Andi almost tipped her coffee pulling over her notebook and scrambling for a pen.
He gave her his address, efficiently repeating it twice. "I hope it will help..." he offered in closing.
She said "Yes...I hope so too..." and mumbled "Thanks." before he rang off.
Lena looked up. "Bad news?" she asked, a touch of concern in her voice.
"No, I think we just got lucky..." She shook her head, jotted a final note and filled Lena in on the morning's events.
Before heading out to West Linn, Andi visited with Mrs. Knowles, spending forty minutes discussing options for gathering embarrassing evidence. She steered her away from wire-taps and stressed the advantage of keeping the surveillance with the bounds of her property. Mrs. Knowles seemed in no hurry, chatting chummily about skip-traces and DNA evidence while expressing a gifted amateur's interest in investigation.
Andi mused that Knowles might really be researching a book and toyed with the idea of asking right-out. It was flattering to think of a character patterned after her style. The idea bubbled titillatingly on the way to Tyson's. Maybe K.D. Lang for the movie version, Andi could almost see herself in dark glasses, lounging on the busy set.

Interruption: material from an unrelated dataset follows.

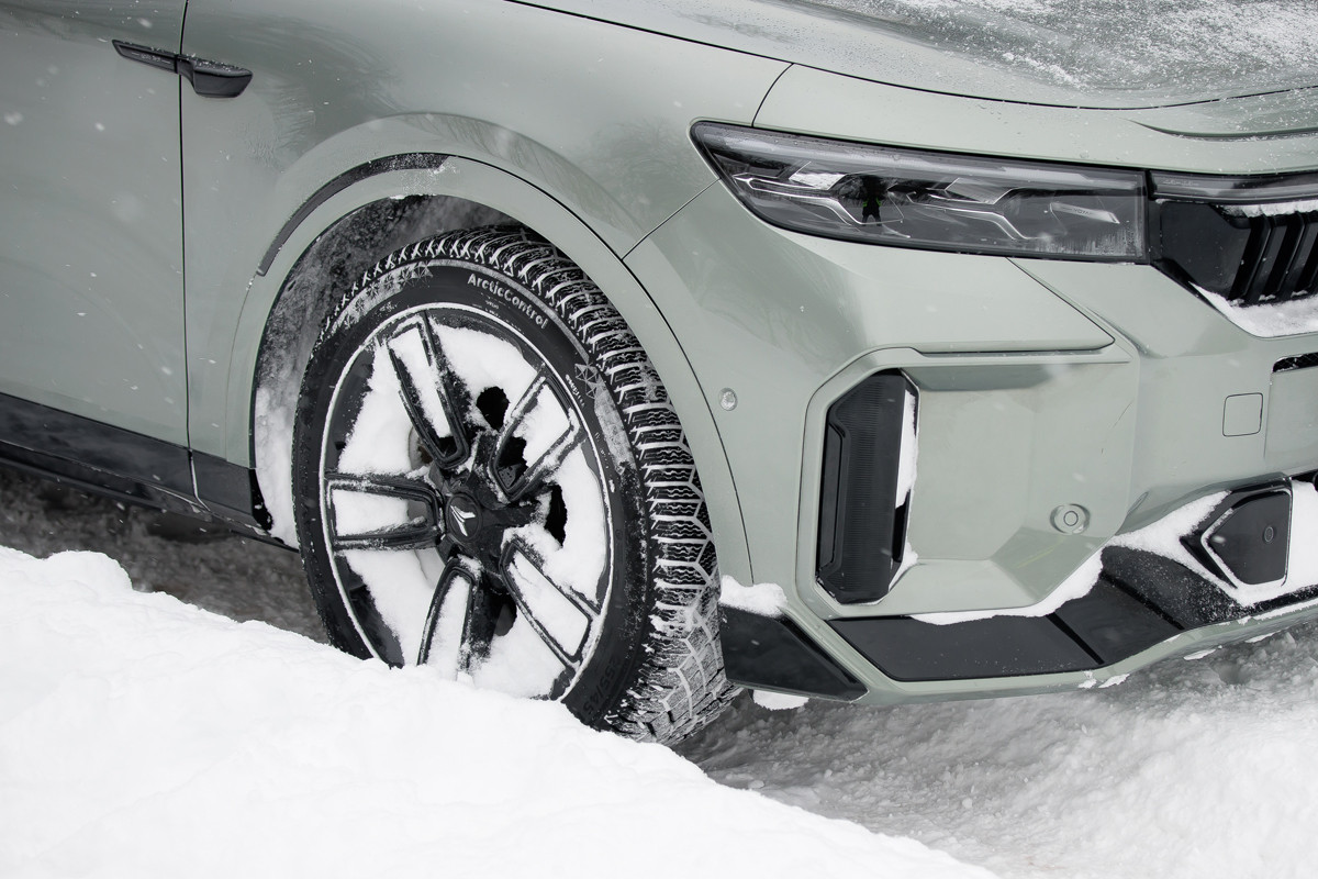В кои-то веки получилось обуть все три тестовых автомобиля в одинаковые шины бренда Gislaved холдинга Кордиант. Это фрикционные шины ArcticControl, известные в прошлом как Continental VikingContact 7. Рисунок тот же, производятся там же — на калужском заводе по технологиям немецкого концерна. Благо сейчас шины ArcticControl выпускаются в широкой линейке типоразмеров, и мы смогли подобрать штатные покрышки для всех участников теста: от 18-дюймовых на Wey 80 до 21-дюймовых на Rox 01.
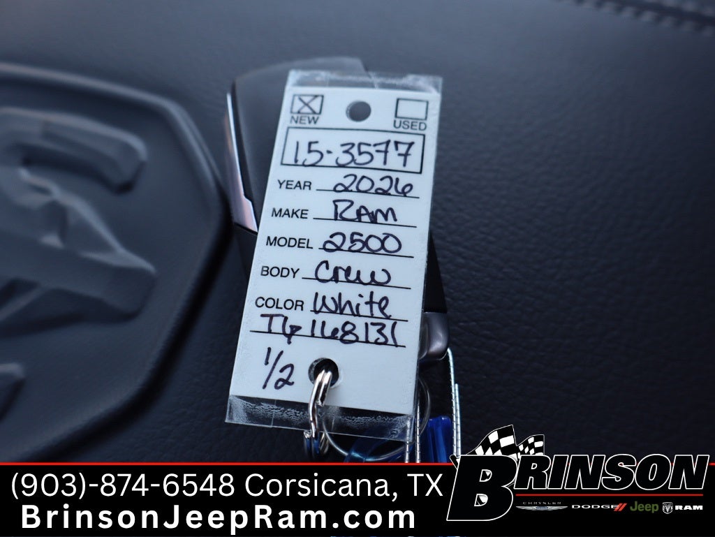 See Brinson Chrysler Dodge Jeep RAM for more details. Price includes:$1000 - 2026 National Bonus Cash . Exp. 02/02/2026 $10,963 off MSRP! Priced below KBB Fair Purchase Price! Bright White Clearcoat 2026 Ram 2500 4D Crew Cab Laramie 4WD 8-Speed Automatic 6.7L I6 Laramie Level 1 Plus Equipment Group (#1 Seat Foam Cushion, 115V Auxiliary Rear Power Outlet, 2 Way Rear Headrest Seat, 4 Way Front Headrests, Active Lane Management System, Adaptive Steering System, Anti-Spin Differential Rear Axle, Auto Dim Exterior Mirror, Auto High Beam Headlamp Control, Auto Power-Folding Mirrors, Auto-Dimming Exterior Passenger Mirror, Bucket Seats, Chrome Exterior Mirrors, Drowsy Driver Detection, Dual Wireless Charging Pad, Exterior Mirrors Courtesy Lamps, Folding Flat Load Floor Storage, Front Seat Back Map Pockets, Full Length Upgraded Floor Console, Heated Front Seats, Heated Steering Wheel, High Back Seats, Leather Trimmed Bucket Seats, LED Bed Lighting, Mirror Running Lights, MOPAR Deployable Bed Step, Power 2-Way Driver Lumbar Adjust, Power 2-Way Passenger Lumbar Adjust, Power Adjust 8-Way Driver Seat, Power Adjust 8-Way Front Passenger Seat, Power Adjust Mirrors, Power Telescoping Mirrors, Power-Adjustable Convex Aux Mirrors, Radio/Driver Seat/Mirrors/Pedals Memory, Rain Sensitive Windshield Wipers, Rear 60/40 Folding Seat, Remote Tailgate Release, Traffic Sign Recognition, and Ventilated Front Seats), Night Edition (Black Exterior Mirrors, Black Exterior Truck Badging, Black Wheel Center Hub, Body Color Grille-Surround, Gloss Black Grille Billets/Accents, Sport Performance Hood, and Wheels: 20 x 8.0 Black Painted Aluminum), Quick Order Package 24H Laramie, Towing Technology Group (Surround View Camera System, Trailer Reverse Guidance, and Trailer Tire Pressure Monitoring System), 10 Speakers, 4-Wheel Disc Brakes, 4G LTE Wi-Fi Hot Spot, ABS brakes, Air Conditioning, Alloy wheels, AM/FM radio: SiriusXM with 360L, Apple CarPlay, Apple CarPlay/Android Auto, Auto-dimming Rear-View mirror, Automatic temperature control, Brake assist, Bumpers: body-color, Compass, Connectivity - US/Canada, Dash Pass Thru Wire Circuits, Delay-off headlights, Disassociated Touchscreen Display, Driver door bin, Driver vanity mirror, Dual front impact airbags, Dual front side impact airbags, Electronic Stability Control, Emergency Vehicle Alert System (EVAS), Engine Block Heater, For Details, Visit DriveUconnect.com, For More Info, Call 800-643-2112, Front anti-roll bar, Front Center Armrest w/Storage, Front dual zone A/C, Front fog lights, Front License Plate Bracket, Front reading lights, Fully automatic headlights, Garage door transmitter, Google Android Auto, GPS Antenna Input, GPS Navigation, HD Radio, Heated door mirrors, Heated front seats, Heated Second Row Seats, Heated steering wheel, Illuminated entry, Leather Trim 40/20/40 Bench Seat, Low tire pressure warning, Manufacturer's Statement of Origin, MyFlexCare Service Diesel, Navigation System, Occupant sensing airbag, Off-Road Info Pages, Outside temperature display, Overhead airbag, Overhead console, Panic alarm, ParkView Rear Back-Up Camera, Passenger door bin, Passenger vanity mirror, Power door mirrors, Power driver seat, Power passenger seat, Power steering, Power windows, Radio data system, Rear anti-roll bar, Rear reading lights, Rear seat center armrest, Rear step bumper, Rear window defroster, Remote keyless entry, Security system, Selectable Tire Fill Alert, SiriusXM Radio Service, Speed control, Split folding rear seat, Steering wheel mounted audio controls, Tachometer, Tilt steering wheel, Traction control, Trailer Tow Pages, Trip computer, Turn signal indicator mirrors, Variably intermittent wipers, and VoltmeteR.

Tyson's house was new--a ranch style with clean, Mexican-style tan stucco, blue tile roof and a formal, monastic-looking front door opening onto the north side's paved courtyard. On the south, three wings of the house wrapped a patio with an acre of windows looking down a serpentine private drive. His avocation was testified to by row upon row of roses in terraced courses cut into the hillsides and looking for all the world like a vineyard.
The door was answered by a thin, clean-shaven, humorless young man in khaki slacks and a short-sleeved golf shirt who looked as if he'd be more comfortable in a uniform.
She was obviously expected. Without asking her name, the young man nodded her in and led wordlessly through a hardwood-floored entry, down a wide hall lined with display cabinets and a collection of American flags, past a formal living room over-looking the patio-courtyard, to a closed door that he politely knocked upon. Andi glanced at a case at her elbow with a civil war sword and scabbard decorated with tassels and an eagle. Her grim escort stared straight-ahead facing the door. Mounted on the wall beside the frame was a punch-in key-pad of the type used for electronic combination-locks.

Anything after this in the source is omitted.